4. A microcapsule according to any one of the preceding claims, wherein the encapsulating composition comprises less than 5% (w/w) water; e.g., less than 4% (w/w); e.g., less than 3% (w/w); e.g., less than 2% (w/w); e.g., less than 1% (w/w); e.g., less than 0.5% (w/w); e.g., less than 0.1% (w/w); e.g., less than 0.05% (w/w); for example, less than 0.01% (w/w).

5. Microcapsules according to any preceding claim wherein the fat-based coating has a melting temperature in the range 25-37 ℃; for example a melting temperature in the range of 28-36 ℃; e.g., a melting temperature in the range of 29-35 ℃; for example a melting temperature in the range of 31-34 c.

6. Microcapsules according to any preceding claim wherein the fatty-based coating is embedded in a hydrophobic phase, wherein the hydrophobic phase is an oil.

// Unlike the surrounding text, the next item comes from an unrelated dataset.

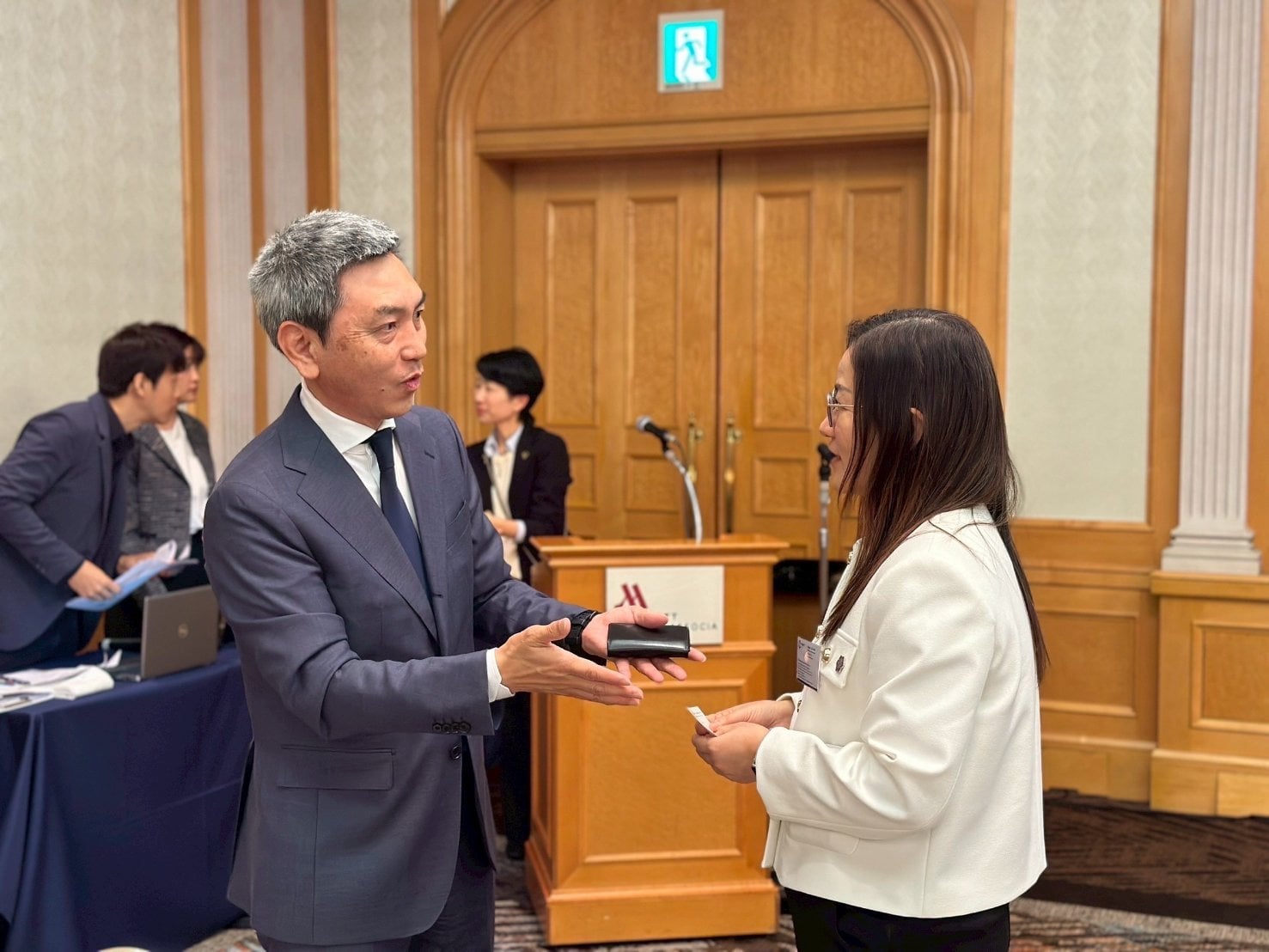 วันอังคารที่ 8 เมษายน 2568 เข้าร่วมกิจกรรม Nagoya - Thai Japan Business Matching การจับคู่ธุรกิจภายในงานผช.ผวก.บร. ได้กล่าวเชิญชวนนักลงทุนญี่ปุ่น และสร้างความมั่นใจการลงทุนในนิคมอุตสาหกรรม โดยมีผู้บริหารของหน่วยงานไทย-ญี่ปุ่น เข้าร่วมงาน อาทิ นางสาวศุธาศินี สมิตร ที่ปรึกษาด้านการลงทุน BOI ,Mr. Hirano Shuichi, Director-General, Chubu Hokuriku Regional Head Office Chief Director, JETRO Nagoya และ Ms. Watanabe Yuka, Chairman, Aichi Industry Promotion Organization (AIBSC)
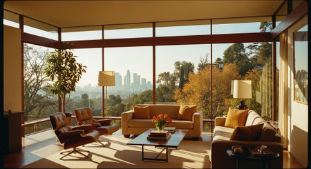 Stylish living room with leather furniture and plants, warm sunlight streaming through large windows, city skyline in background, cozy mood

7. Microcapsules according to any preceding claim wherein the fat-based coating is emulsified in a hydrophilic phase.

8. Microcapsules according to any preceding claim wherein the live microorganisms are dried, preferably the live microorganisms are freeze-dried.

9. A topical composition comprising a microcapsule according to any one of claims 1-8.

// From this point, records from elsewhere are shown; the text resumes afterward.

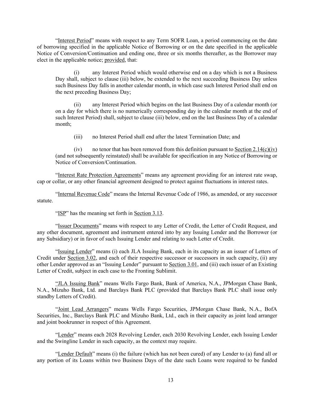 13 “Interest Period” means with respect to any Term SOFR Loan, a period commencing on the date of borrowing specified in the applicable Notice of Borrowing or on the date specified in the applicable Notice of Conversion/Continuation and ending one, three or six months thereafter, as the Borrower may elect in the applicable notice; provided, that: (i) any Interest Period which would otherwise end on a day which is not a Business Day shall, subject to clause (iii) below, be extended to the next succeeding Business Day unless such Business Day falls in another calendar month, in which case such Interest Period shall end on the next preceding Business Day; (ii) any Interest Period which begins on the last Business Day of a calendar month (or on a day for which there is no numerically corresponding day in the calendar month at the end of such Interest Period) shall, subject to clause (iii) below, end on the last Business Day of a calendar month; (iii) no Interest Period shall end after the latest Termination Date; and (iv) no tenor that has been removed from this definition pursuant to Section 2.14(c)(iv) (and not subsequently reinstated) shall be available for specification in any Notice of Borrowing or Notice of Conversion/Continuation. “Interest Rate Protection Agreements” means any agreement providing for an interest rate swap, cap or collar, or any other financial agreement designed to protect against fluctuations in interest rates. “Internal Revenue Code” means the Internal Revenue Code of 1986, as amended, or any successor statute. “ISP” has the meaning set forth in Section 3.13. “Issuer Documents” means with respect to any Letter of Credit, the Letter of Credit Request, and any other document, agreement and instrument entered into by any Issuing Lender and the Borrower (or any Subsidiary) or in favor of such Issuing Lender and relating to such Letter of Credit. “Issuing Lender” means (i) each JLA Issuing Bank, each in its capacity as an issuer of Letters of Credit under Section 3.02, and each of their respective successor or successors in such capacity, (ii) any other Lender approved as an “Issuing Lender” pursuant to Section 3.01, and (iii) each issuer of an Existing Letter of Credit, subject in each case to the Fronting Sublimit. “JLA Issuing Bank” means Wells Fargo Bank, Bank of America, N.A., JPMorgan Chase Bank, N.A., Mizuho Bank, Ltd. and Barclays Bank PLC (provided that Barclays Bank PLC shall issue only standby Letters of Credit). “Joint Lead Arrangers” means Wells Fargo Securities, JPMorgan Chase Bank, N.A., BofA Securities, Inc., Barclays Bank PLC and Mizuho Bank, Ltd., each in their capacity as joint lead arranger and joint bookrunner in respect of this Agreement. “Lender” means each 2028 Revolving Lender, each 2030 Revolving Lender, each Issuing Lender and the Swingline Lender in such capacity, as the context may require. “Lender Default” means (i) the failure (which has not been cured) of any Lender to (a) fund all or any portion of its Loans within two Business Days of the date such Loans were required to be funded
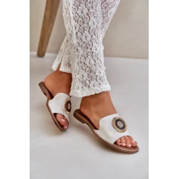 Skórzane Klapki Z Ozdobą Na Płaskim Obcasie Lewski 3047/O Złoty Przecierany
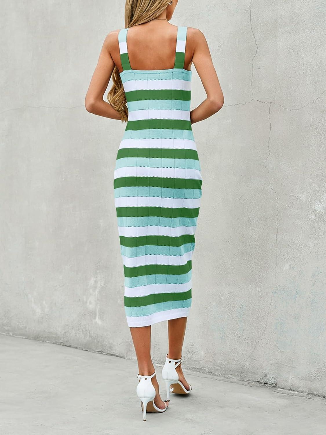 Saodimallsu Womens Striped Bodycon Midi Dress Sleeveless Square Neck Color Block Knit Summer Tank Dresses(Green)

10. The topical composition of claim 9, wherein the topical composition comprises 5-75% (w/w) water; e.g., 10-50% (w/w); e.g., 15-40% (w/w); for example 20-30% (w/w).

11. A composition comprising a microcapsule according to any one of claims 1 to 8 or a topical composition according to any one of claims 9 to 10 for use as a medicament.

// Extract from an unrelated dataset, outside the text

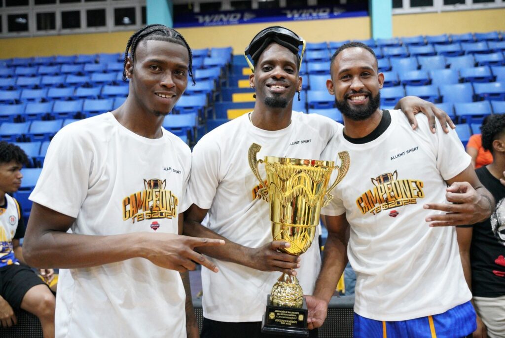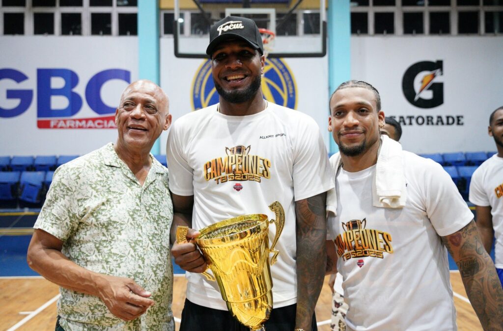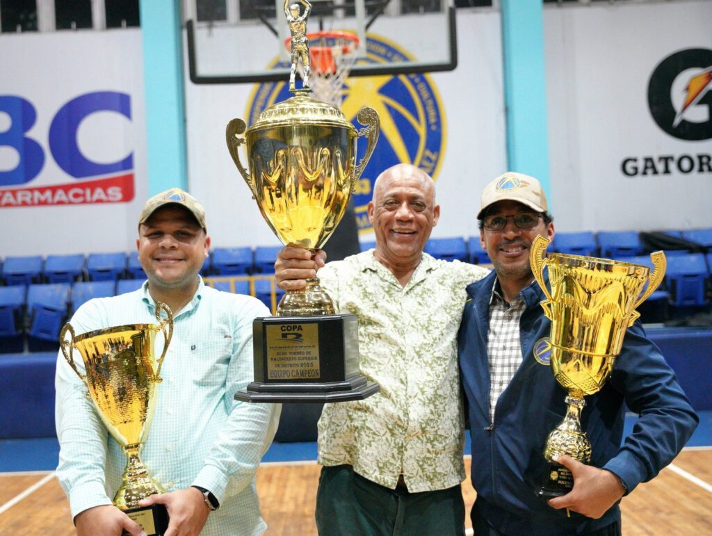 La Copa BanReservas que se disputó en el TBS Distrito 2025 fue entregada por el periodista Daniel García Archivald, vicepresidente de Relaciones Públicas de BanReservas, junto a Diego Pesqueira, presidente de la Asociación de Baloncesto del Distrito Nacional (Abadina); y al Comisionado del TBS Distrito 2025, Nelson Ramírez.

12. A composition comprising a microcapsule according to any one of claims 1 to 8 or a topical composition according to any one of claims 9 to 10 for use in the treatment, alleviation and/or prevention of a skin disorder.

13. The composition according to any one of claims 11 or 12, wherein the skin disease is selected from the group comprising: psoriasis, atopic dermatitis, dry skin, sensitive skin, acne-prone skin, hyperpigmented skin, aged skin, allergy, eczema, skin rash, ultraviolet-irritated skin, photodamaged skin, detergent-irritated skin (including irritation caused by enzymes used in detergents and sodium lauryl sulfate), rosacea, and thinned skin (e.g., the skin of the elderly and children).

14. A process for providing microcapsules according to any one of claims 1 to 8, characterized in that it comprises the following steps:

(i) providing a composition comprising viable microorganisms;

(iii) mixing fat-mixed micro-organisms to provide microcapsules according to any one of claims 1 to 23.

15. The method according to claim 14, wherein the composition comprising live micro-organisms provided in step (i) is subjected to a drying step prior to mixing with fat (step (ii)).